▶ **Try it**: Type out the complete listing below word for word, without its pictures.
** Opening Source material block **
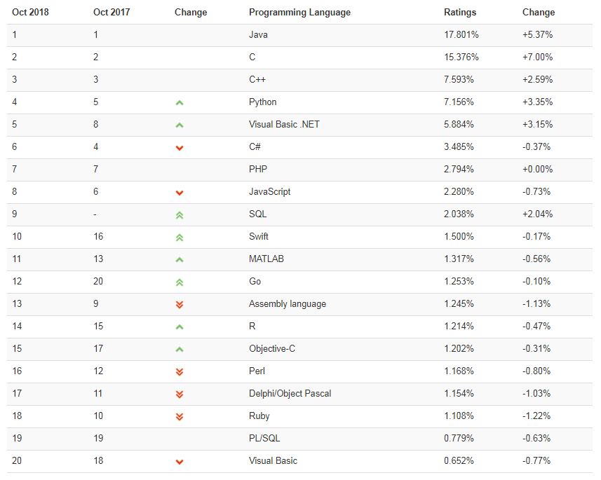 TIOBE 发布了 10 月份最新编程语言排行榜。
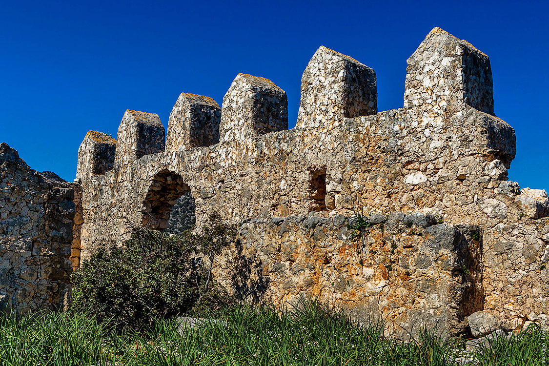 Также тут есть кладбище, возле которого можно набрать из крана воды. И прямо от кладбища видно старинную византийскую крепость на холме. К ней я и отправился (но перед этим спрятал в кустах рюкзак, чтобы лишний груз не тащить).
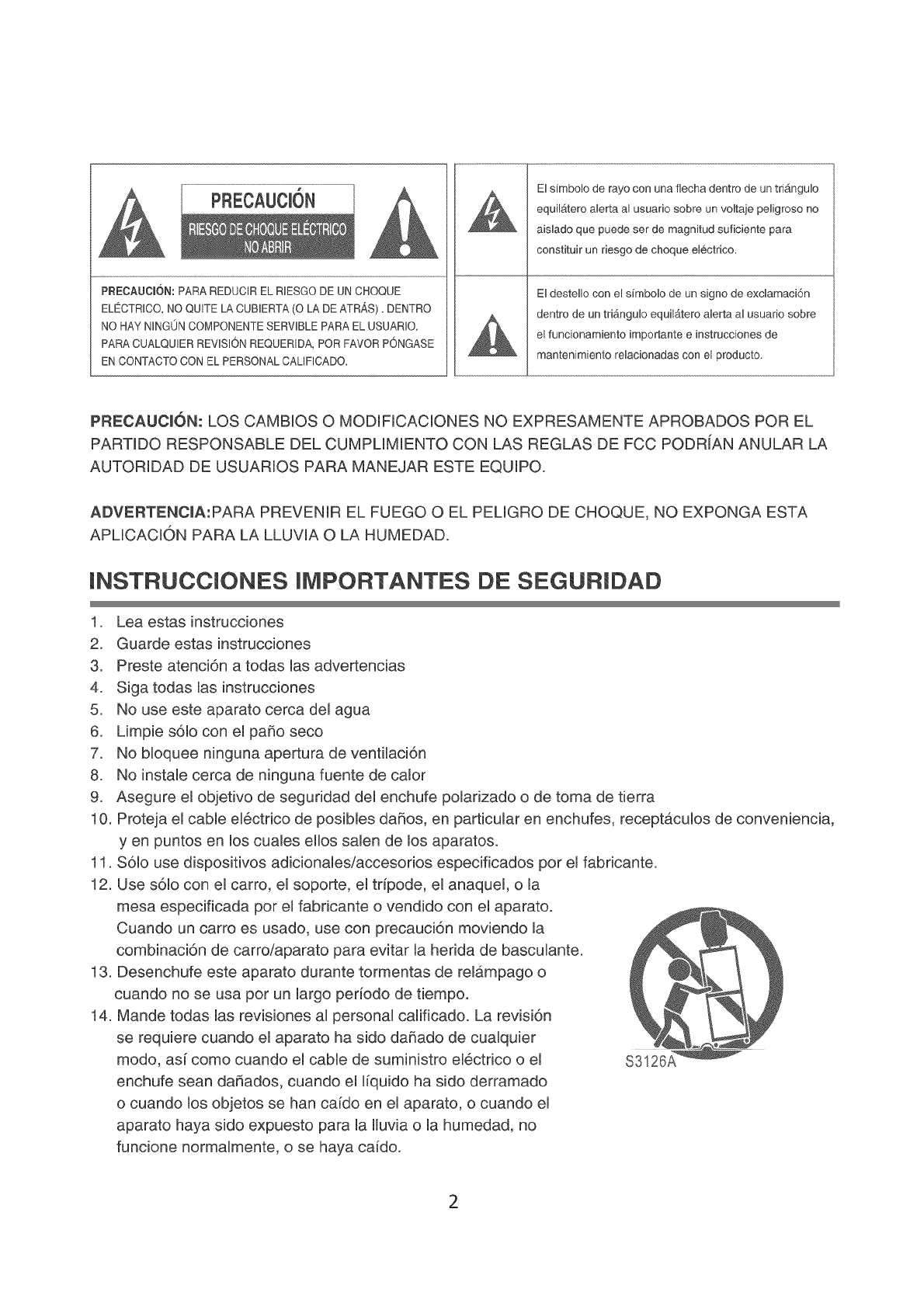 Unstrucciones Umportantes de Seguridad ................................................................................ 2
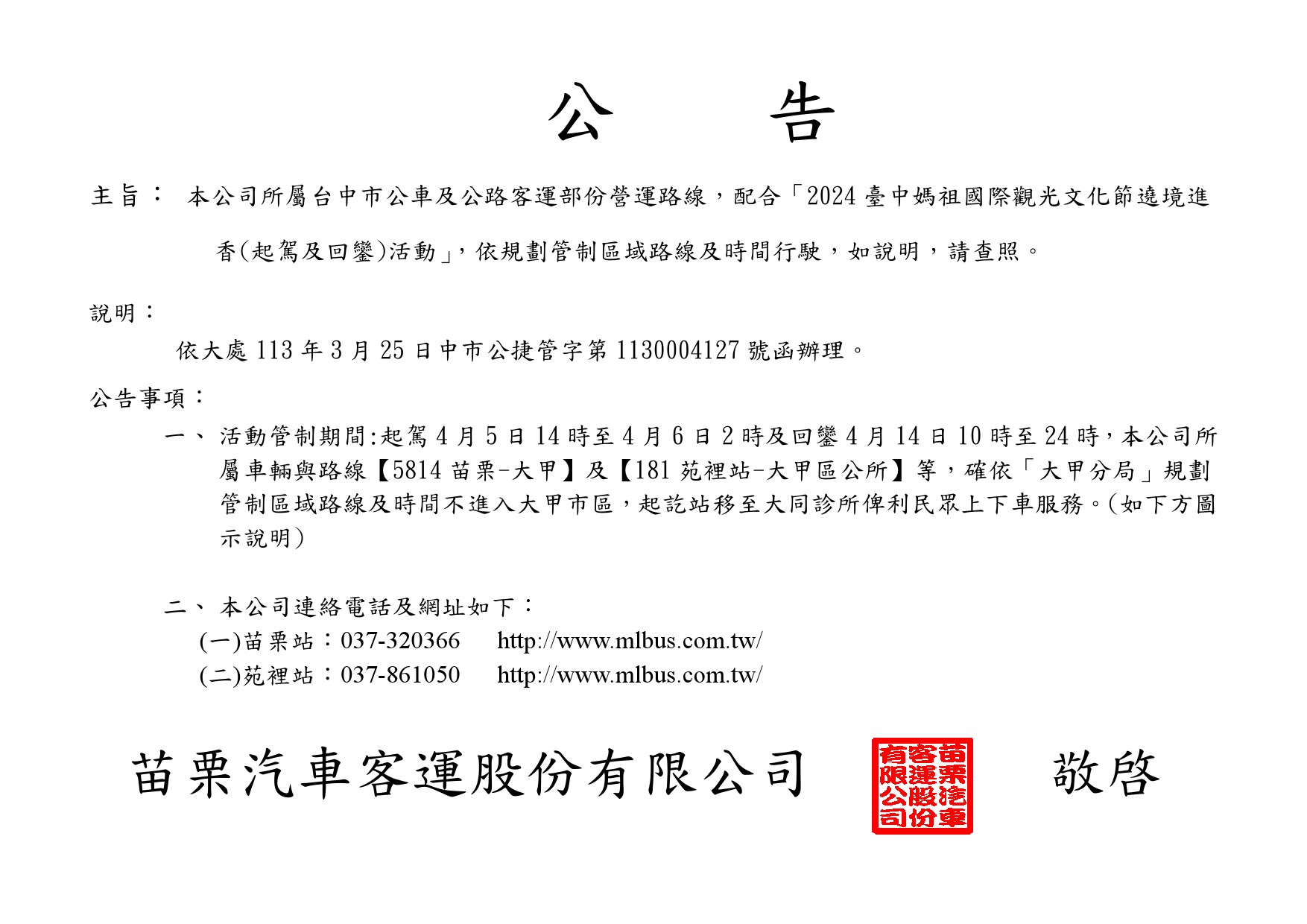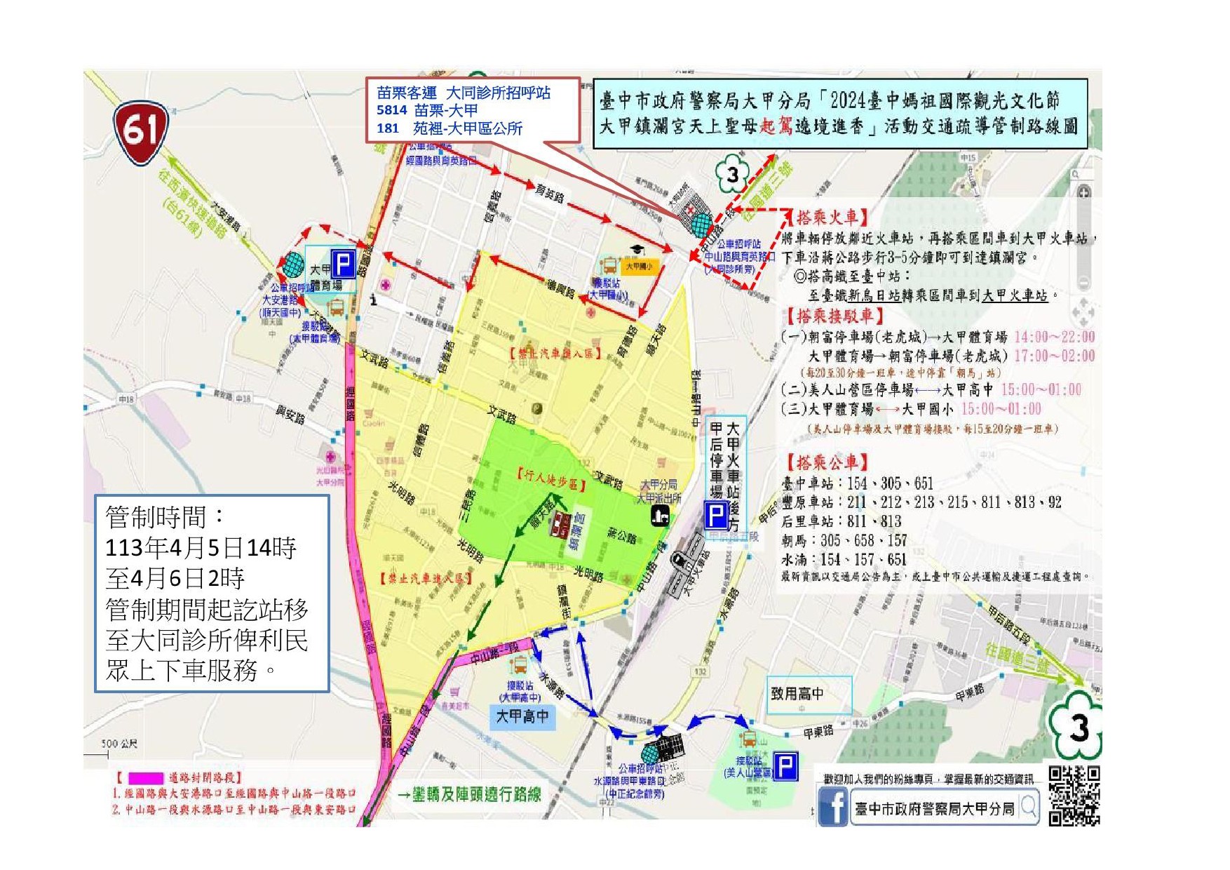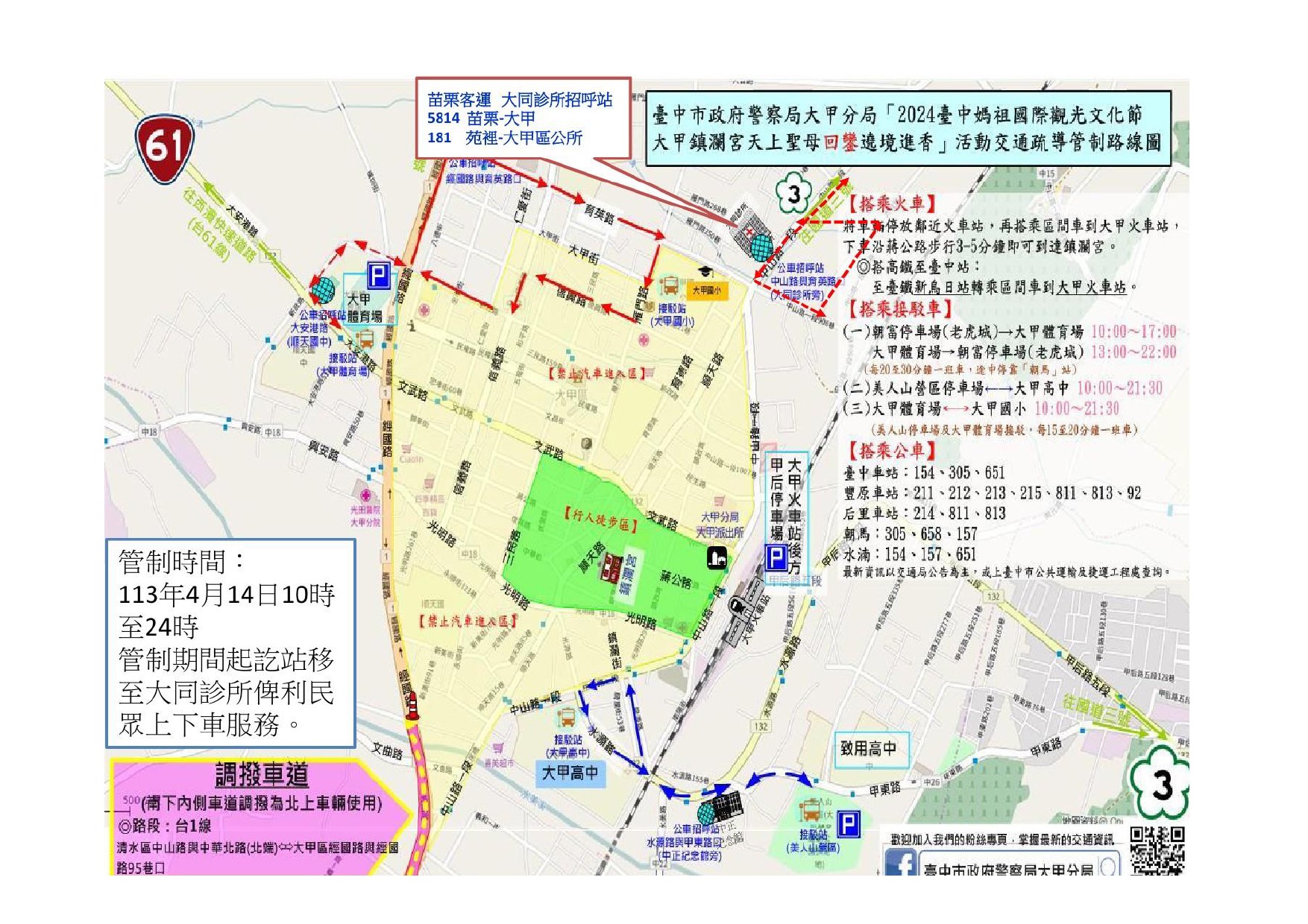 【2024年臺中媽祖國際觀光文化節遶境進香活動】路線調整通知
** Closing Source material block **
▶ **Output for this task**:
 TIOBE 发布了 10 月份最新编程语言排行榜。
 Также тут есть кладбище, возле которого можно набрать из крана воды. И прямо от кладбища видно старинную византийскую крепость на холме. К ней я и отправился (но перед этим спрятал в кустах рюкзак, чтобы лишний груз не тащить).
 Unstrucciones Umportantes de Seguridad ................................................................................ 2
 【2024年臺中媽祖國際觀光文化節遶境進香活動】路線調整通知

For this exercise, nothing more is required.